Secondly, any analysis of a single intervention becomes problematic, as its effectiveness
may be inter-related with other interventions.
The result of this may be that the highest effectiveness rate may be obtained when a
wide variety of different interventions are implemented.
Portfolio Investment
The use of a wide variety of interventions, as stated above, would concur with ‘portfolio
investment’ theory (Hawe and Shiell, 1995). This approach argues for hedging
investments to minimise risk.
Risk is defined as a lack of evidence on the expected returns of a high-risk intervention,
whereas an intervention for which there is good evidence is a low risk intervention.
Unfortunately, there is very little concrete evidence about the expected returns on
nutritional interventions. Hence, all interventions carry a certain level of risk. A second
form of risk is associated with the program itself. For example, there are good mass
media campaigns and there are bad ones. What differentiates a good campaign from
bad one is not widely known and hence carries risk.

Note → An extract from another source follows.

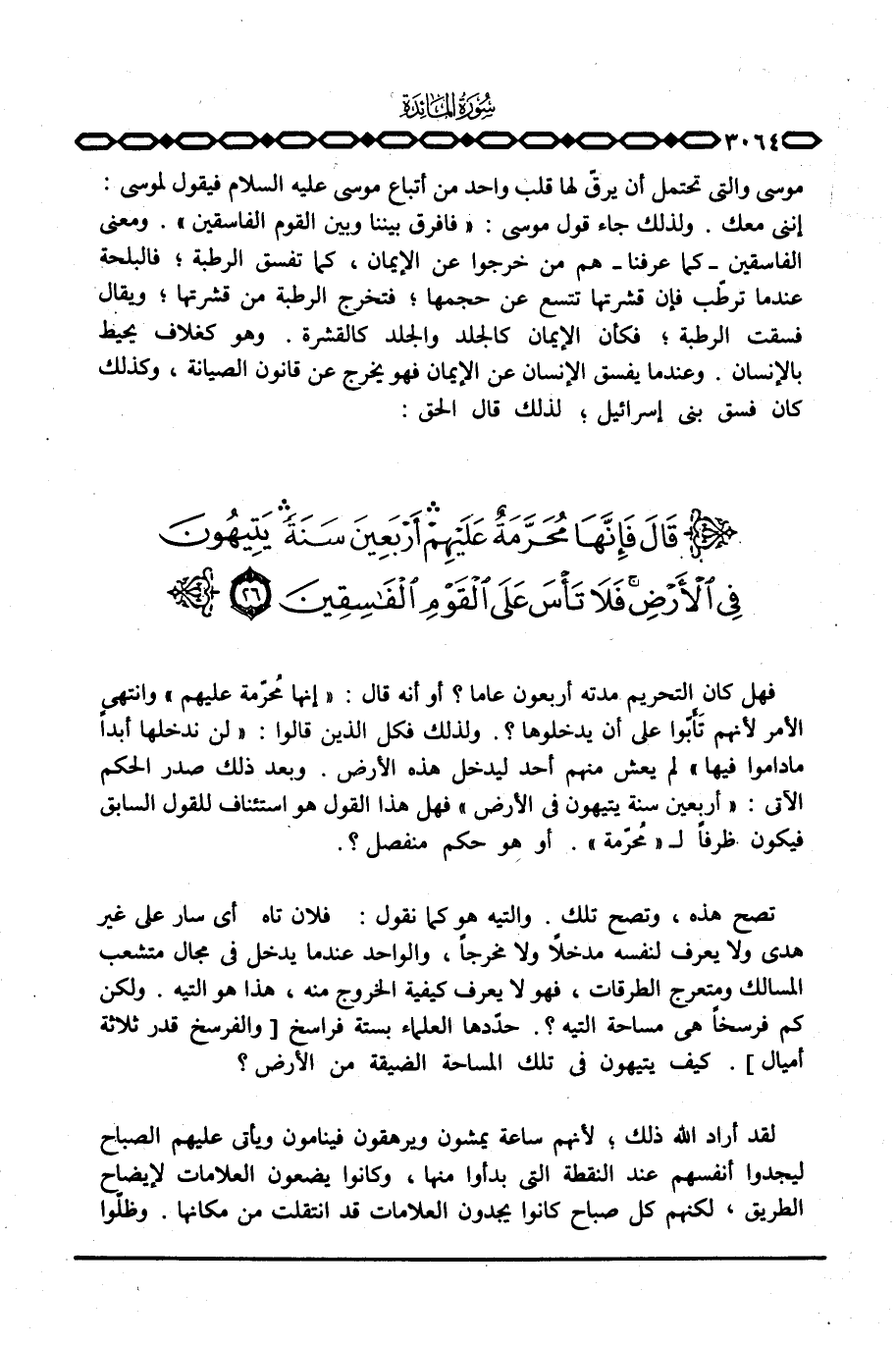 فهل كان التحريم مدته أربعون عاما؟ أو أنه قال: «إنها مُحرّمة عليهم» وانتهى الأمر لأنهم تَأَبّوا على أن يدخلوها؟ . ولذلك فكل الذين قالوا: «لن ندخلها أبداً ماداموا فيها» لم يعش منهم أحد ليدخل هذه الأرض. وبعد ذلك صدر الحكم الآتي: {أَرْبَعِينَ سَنَةً يَتِيهُونَ فِي الأرض} فهل هذا القول هو استئناف للقول السابق فيكون ظرفاً ل «مُحرّمة» . أو هو حكم منفصل؟ .

A second reason for examining portfolio theory is that the interventions considered in
this study may have some level of interdependence (see section 5.4). Therefore, a
variety of different interventions may be more successful than any one intervention on
its own.
To invoke portfolio theory there is a need to examine the variance of the results of an
intervention. Such a method would bring the study into line with the classical finance
literature of retum∕variance objective functions6. Using the concepts of return∕variance,
6 See Varian (1990, p227-39) or Brealey and Myers (1991, ppl55-74).